# cutting deck



## Bamataco (Apr 22, 2009)

I recently purchased a brand new GT 5000. As you all probably know it comes with a deck. I live in the desert and have no lawn at all. So I would like to either sell or trade the deck. But I don't have any idea how much I should try to see the deck for. It has never even been installed on the tractor. I would consider trading it if any one is interested for either a front bucket or a plow set up.
If any one is interested I live in New Mexico


----------



## Bamataco (Apr 22, 2009)

Oh I forgot to add that this is a 54 inch deck and has 3 cutting blades. If you have any questions please post then here.


----------



## chrpmaster (May 5, 2004)

I don't know what other model tractors this deck would fit on but if you call Sears they can probably tell you. In your area I don't know if it will be a big seller since I am guessing most other homes don't have much grass to mow either. Then you are probably looking at a big cost to ship it somewhere that a buyer will deduct from the purchase price. 

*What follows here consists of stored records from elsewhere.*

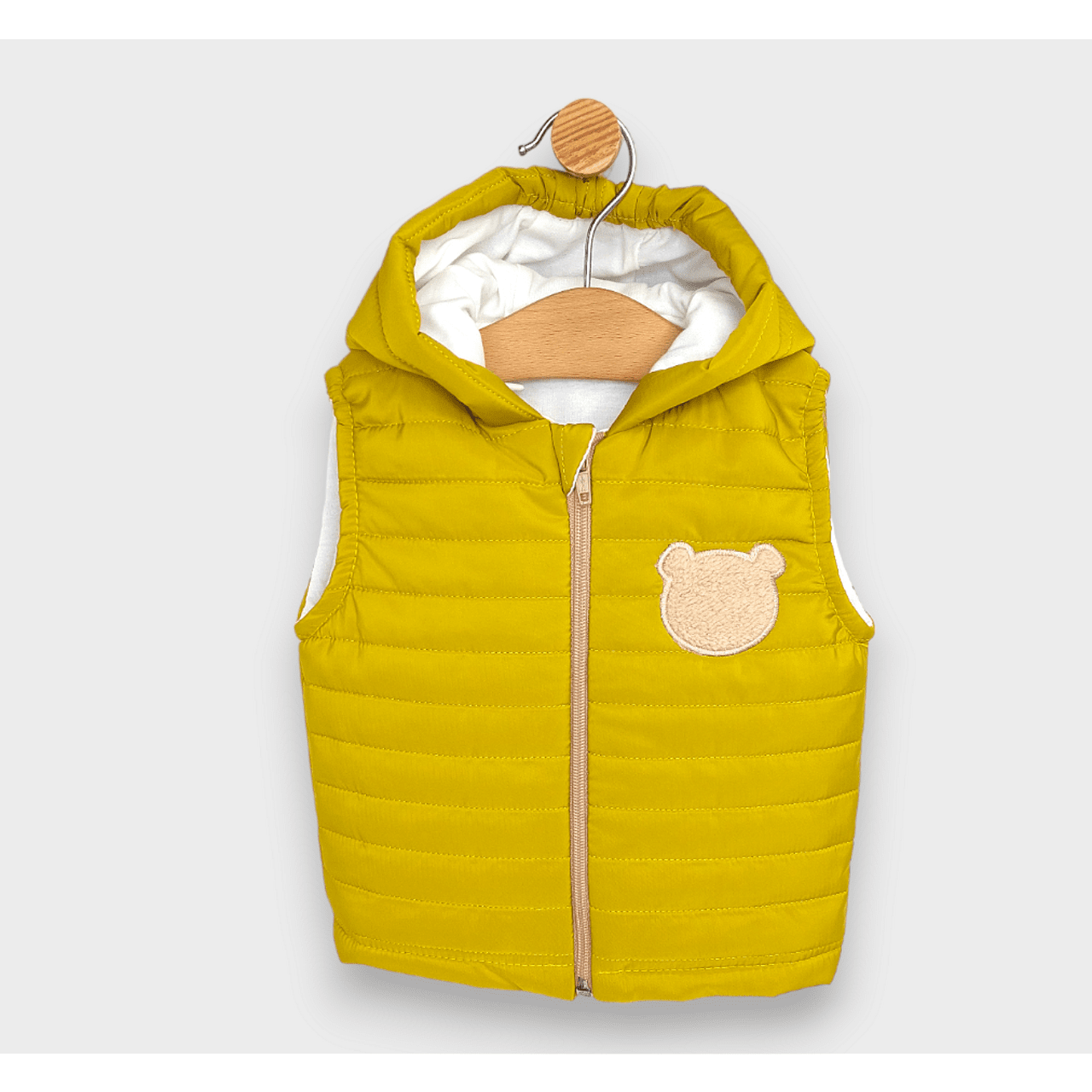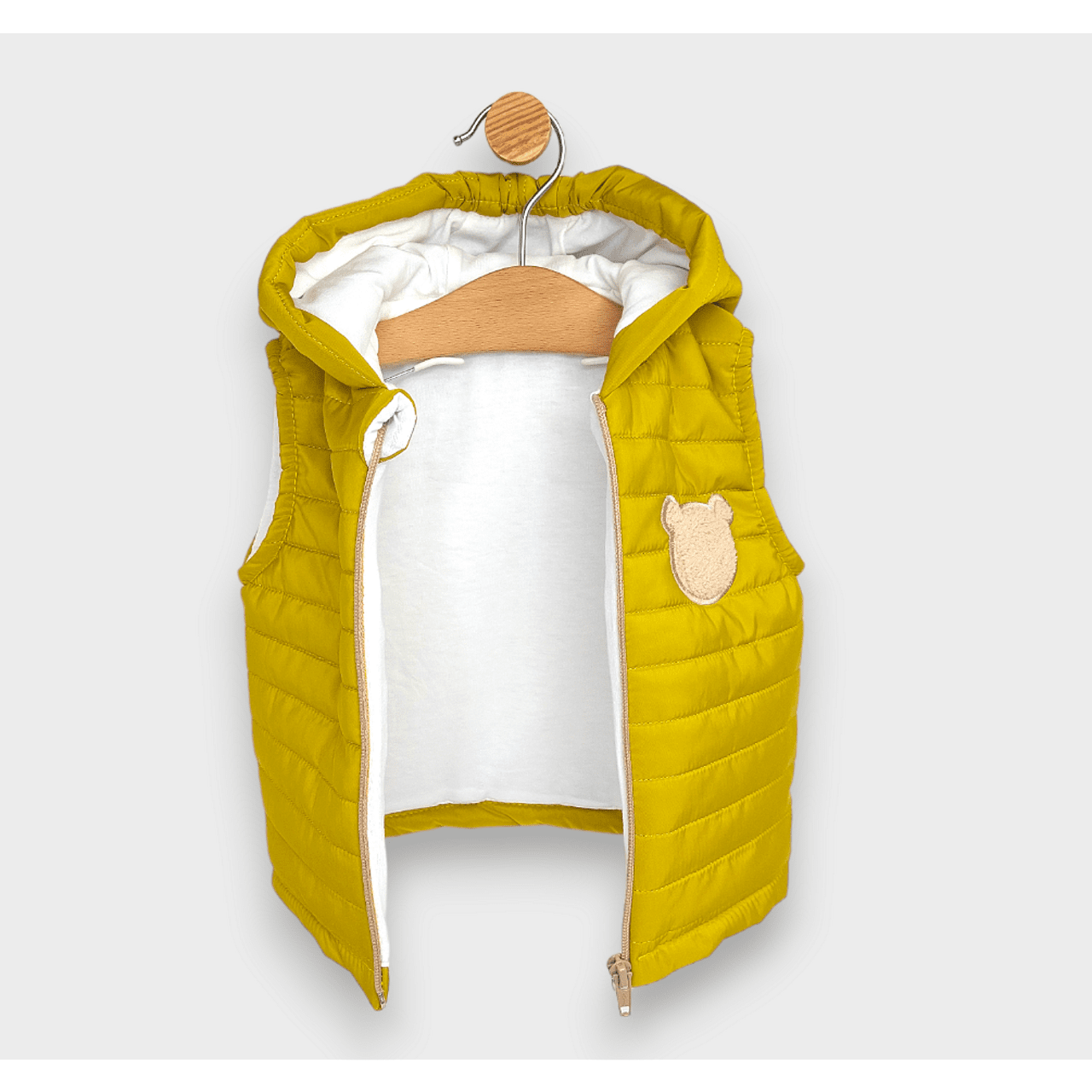 Бебешка ватирана грейка с качулка Пухено мече с ципче в цвят горчица. Свободна и удобна кройка, от мека и лека метирия. Грейката се комбинира чудесно с всеки тип дрехи. С весела и закачлива бродерия.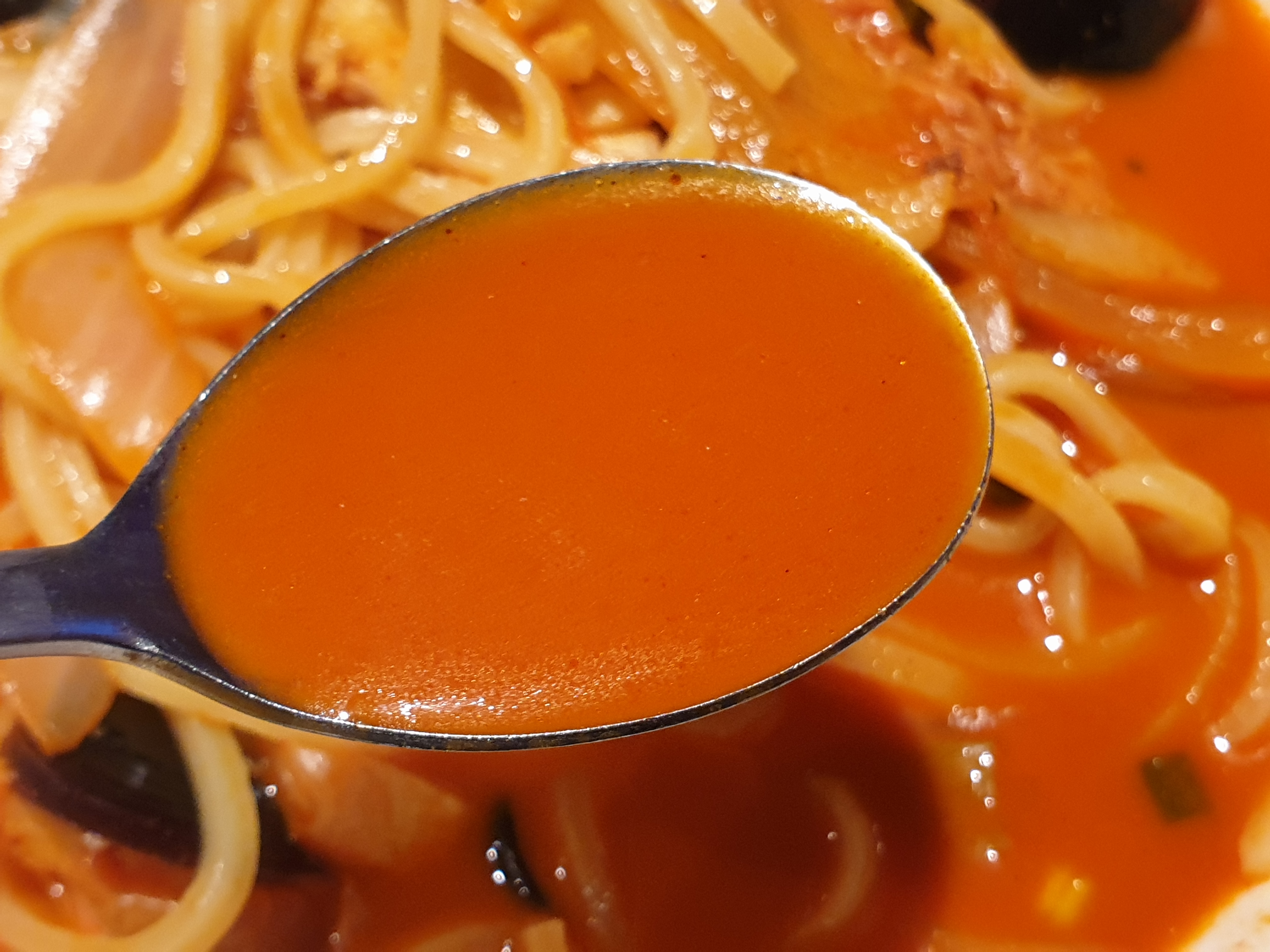 국물은 얼큰한 김치라면 느낌이 나는 짬뽕맛이었어요~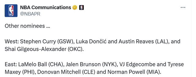 西部:库里、东契奇、里夫斯、亚历山大 东部:三球、布伦森、埃奇库姆、马克西、米切尔、诺曼-鲍威尔 |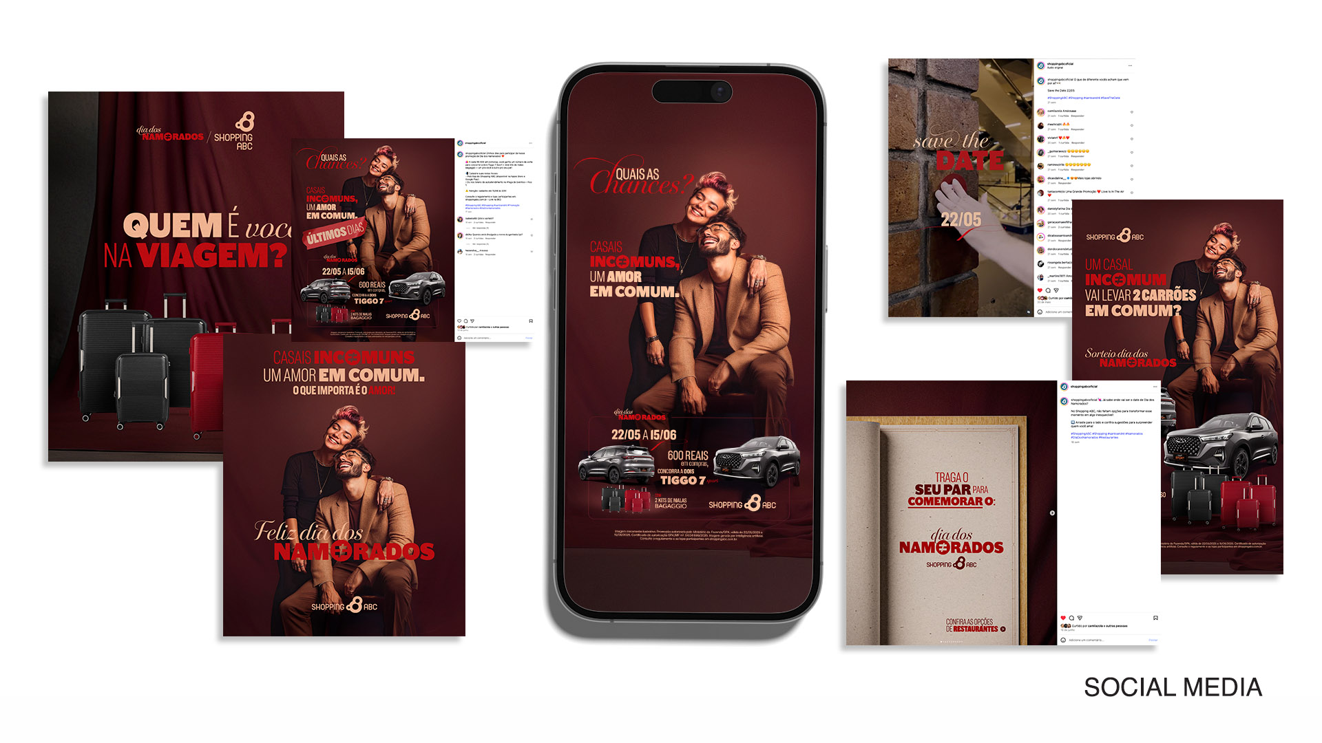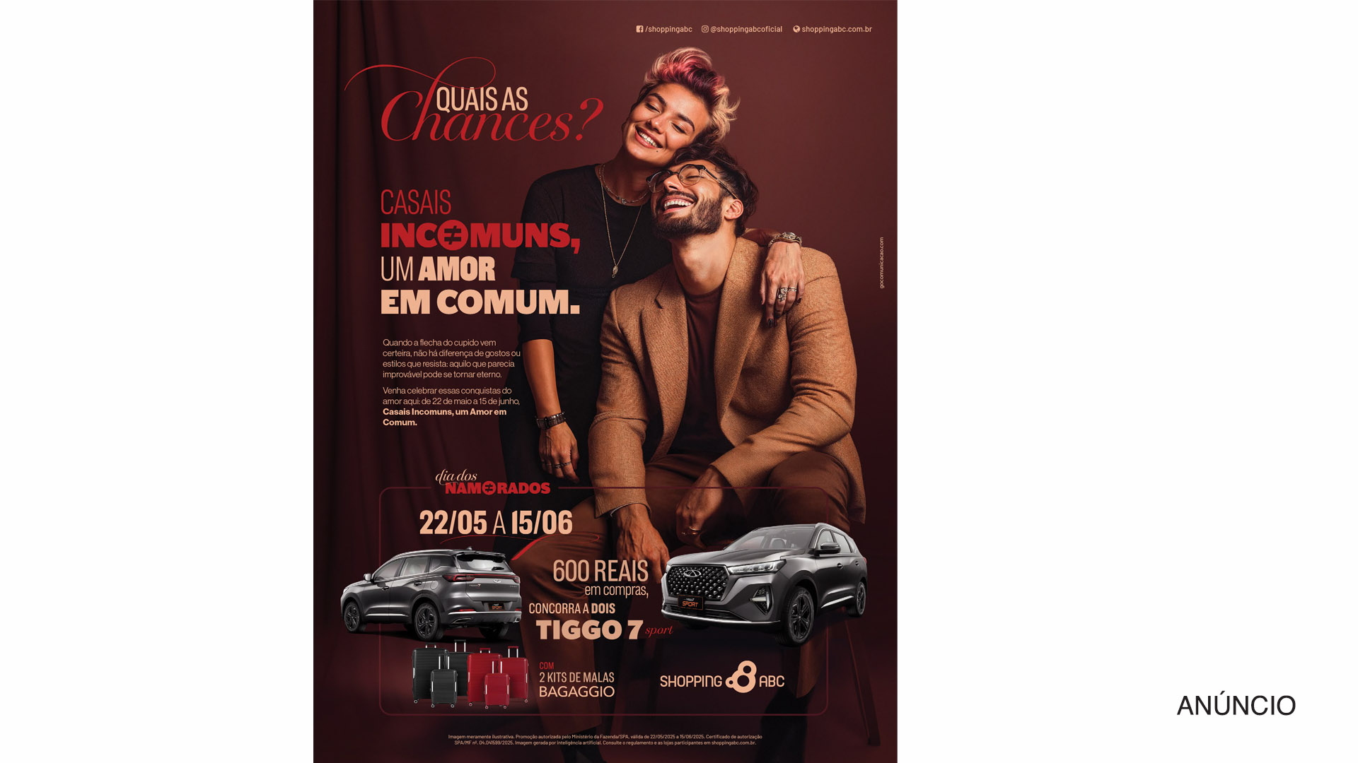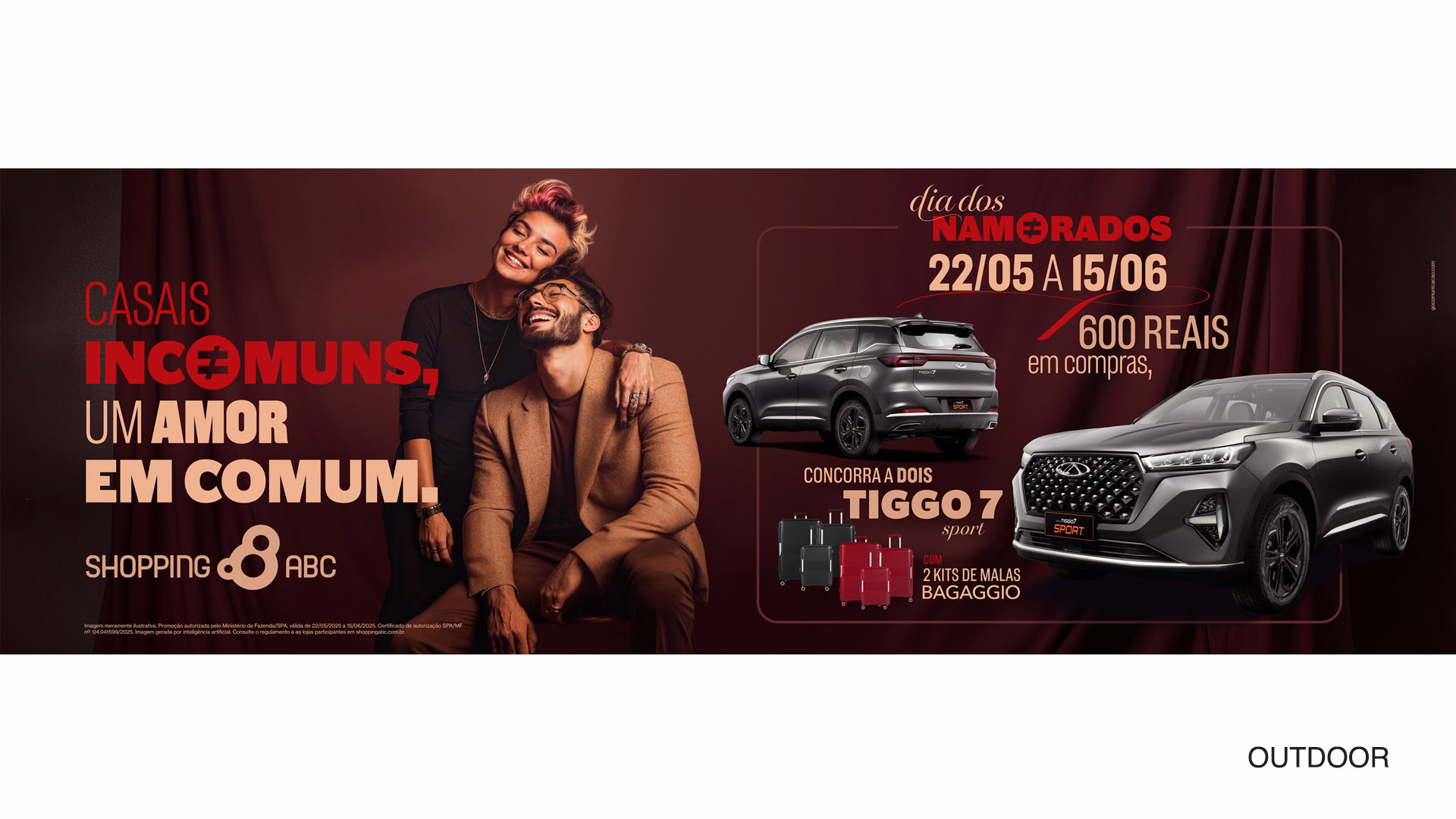 Para enaltecer essas combinações improváveis, criamos o conceito “Casais Incomuns, Um Amor em Comum” uma verdadeira celebração ao Dia dos Namorados. A campanha traz um moodboard alinhado com o universo da moda, com modelos que, mesmo posando, trazem espontaneidade para a cena. Os tons quentes entregam elegância, sobriedade, sensualidade e paixão. Para reforçar o contraste dos casais, a tipologia apostou na contraposição entre o brutalismo de uma fonte black e a leveza e romantismo das fontes manuscritas, lembrando mais uma vez que o amor é capaz de unir tudo. Mantendo a tradição, a promoção sorteou dois carros modelo Tiggo 7 para o mesmo casal, além de dar um par de kits de malas Bagaggio.

If you want ideas check Craigslist or ebay. These should give you an idea of value.


----------



## Bamataco (Apr 22, 2009)

chrpmaster I do believe that you are right. But if I sell it for something that beats it never being used by me and taking up space in my garage. 
I have tried looking on e-bay but I can't find any that are comparable to mine. I will give Craigs list a try.


----------